The lawsuit filed in late February by Demanding Integrity in Government Spending remains open and a hearing is scheduled for 11 a.m. Friday in Boulder District Court.
The group, known as DIGS, is accusing the Boulder County commissioners of violating Colorado’s open meetings laws when they selected DRC Emergency Services to lead the private property debris removal program for Marshall fire victims.
If Boulder County violated open meetings laws and ran afoul of federal procurement rules, the county and state could be on the hook for paying the full cost of the cleanup without reimbursement from FEMA.
On Tuesday, DIGS filed a motion saying it would no longer ask a judge to demand that Boulder County delay work and rebid the contract, saying it respected fire victims’ concerns that the recovery work needed to move forward.
Instead, DIGS wants the judge to order Boulder County’s three elected commissioners and the members of the bid evaluation committee to sit for 3.5-hour depositions with DIGS’s lawyers, according to the motion.
The Dec. 30 fire was the most destructive wildfire in Colorado history, killing two people, destroying 1,084 homes and burning 6,000 acres in Louisville, Superior and unincorporated Boulder County.

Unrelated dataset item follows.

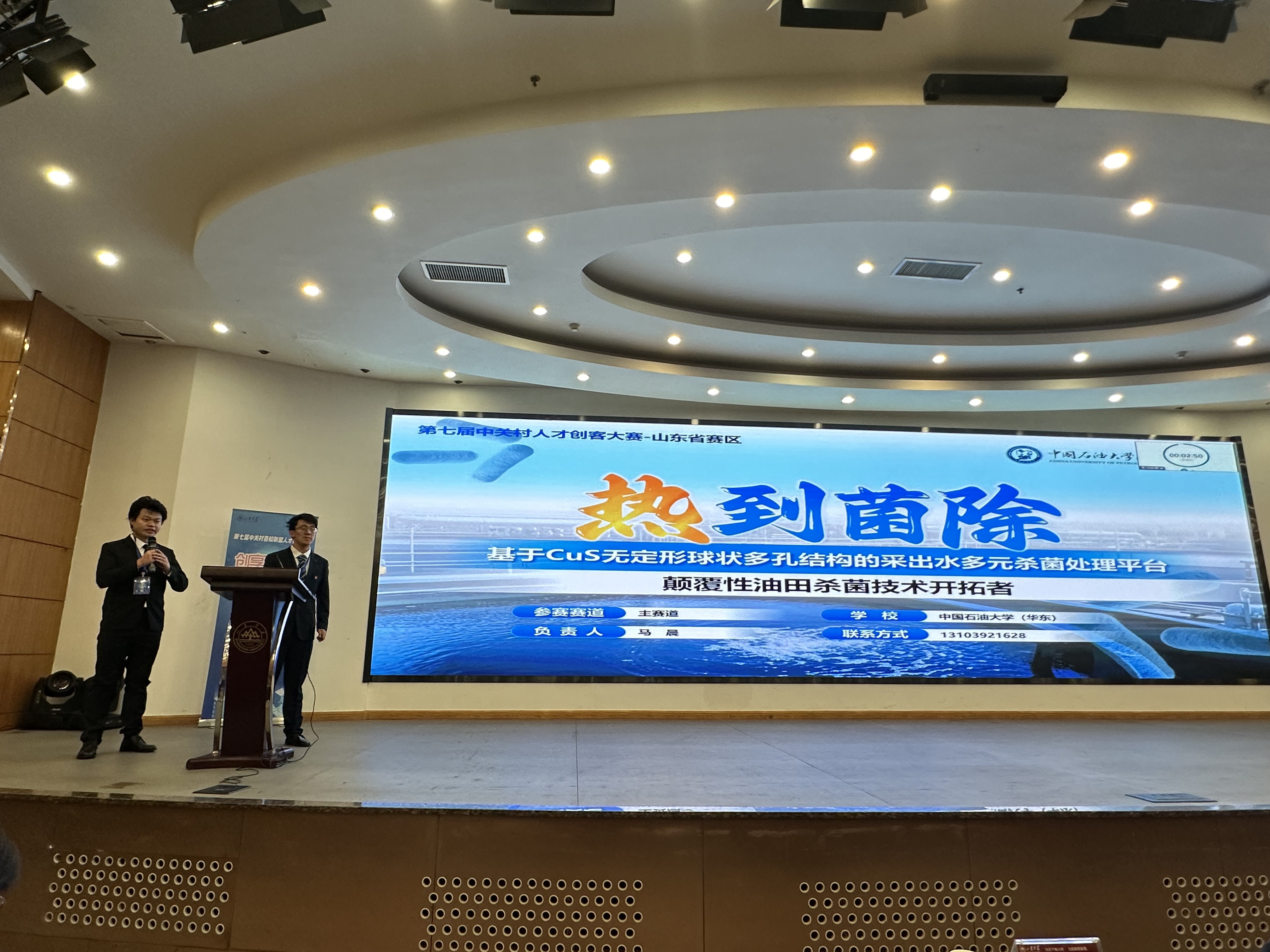 4月19日,第七届中关村人才创客大赛山东区域赛在山东大学(威海)玲珑学堂正式落下帷幕。由公司王继乾、王栋、李慧、徐海老师指导,本科生2022级员工马晨负责的项目《热到菌除——基于CuS无定形球状多孔结构的油田污水细菌光热处理平台》斩获冠军,并入围全球半决赛;公司金鑫、严文娟、王兆兴老师指导,本科生2022级王雅琦负责的项目《海纳百酸——首创海藻糖基中分子稀有果酸产品群》斩获三等奖的优异成绩。在众多高校团队中脱颖而出,为公司和公司争得了荣誉。

Residents who lost their homes have become increasingly frustrated over delays in removing the ash, burned structures, contaminated soil and damaged trees from their properties. They cannot start rebuilding until their properties are cleared. Some homeowners not willing to wait for the county-led process have begun paying cleanup firms to work on their individual properties.

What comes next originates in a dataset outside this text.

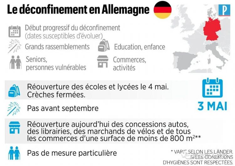 默克爾決定自4月15日開始逐步解除限制,4月20日開始,面積小于800平方米的商店逐步開放。作為德國“支柱產(chǎn)業(yè)”的汽車行業(yè),一些汽車經(jīng)銷商也在部分地區(qū)獲準(zhǔn)營業(yè)。5月4日開始,德國將逐步開放校園,理發(fā)店也將重新開業(yè),但仍要求保持社交距離,8月31日之前不得舉辦大型文化活動和體育賽事,餐館和旅館暫時關(guān)閉。另一方面,5月4日起可能放寬對養(yǎng)老機(jī)構(gòu)的探訪限制,以免老年人陷入孤立。

The Boulder County commissioners on Feb. 10 chose DRC Emergency Services out of 11 bidders, but a contract never has been signed as negotiations between the company and the county continue. The work is expected to cost $52.6 million. The county will oversee the contract on behalf of Louisville and Superior, though the intergovernmental agreement between the three municipalities has not yet been signed.

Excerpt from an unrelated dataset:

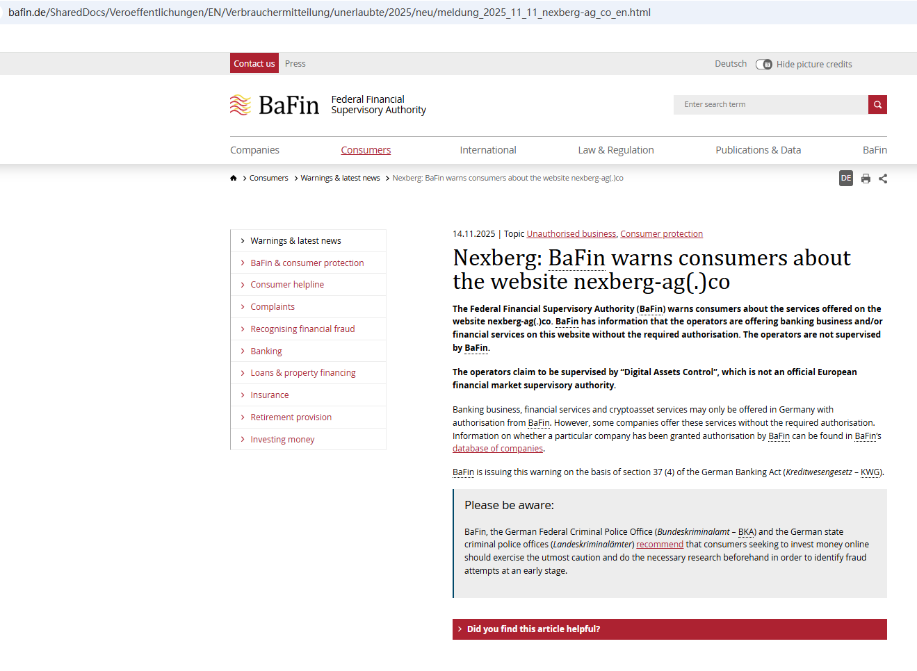 On November 14, 2025, the Federal Financial Supervisory Authority (BaFin) issued a warning against Nexberg for lacking the required authorization. https://www.bafin.de/SharedDocs/Veroeffentlichungen/EN/Verbrauchermitteilung/unerlaubte/2025/neu/meldung_2025_11_11_nexberg-ag_co_en.html

On Wednesday, Boulder County sent out a news release responding to the latest maneuver in the lawsuit, saying it could sign the contract as soon as March 22. The county previously has said work would begin shortly after the contract was signed.
The lawsuit created animosity in Boulder County between Brown, local elected officials and fire victims. The commissioners blame the DIGS lawsuit on delays while DIGS has maintained the lawsuit was filed 50 days after the fire and there is no order from a judge that would stop the county from moving forward with the contract.
In its Tuesday court filing, DIGS called the county’s blame game a sideshow.
“They have beaten this drum privately and publicly, prompting media sensationalism and the false storyline that Plaintiff is causing and will continue to cause cleanup delay,” the motion said.
Meanwhile, the county on Wednesday called the ongoing lawsuit a distraction.
“Nonetheless, the County believes the lawsuit remains a distraction from important recovery work for the community, especially depositions of staff who should be focused on planning and implementing (private property debris removal),” the news release said. “The County continues to maintain that it complied with all applicable laws in selecting a winning bidder for the (private property debris removal) contract.”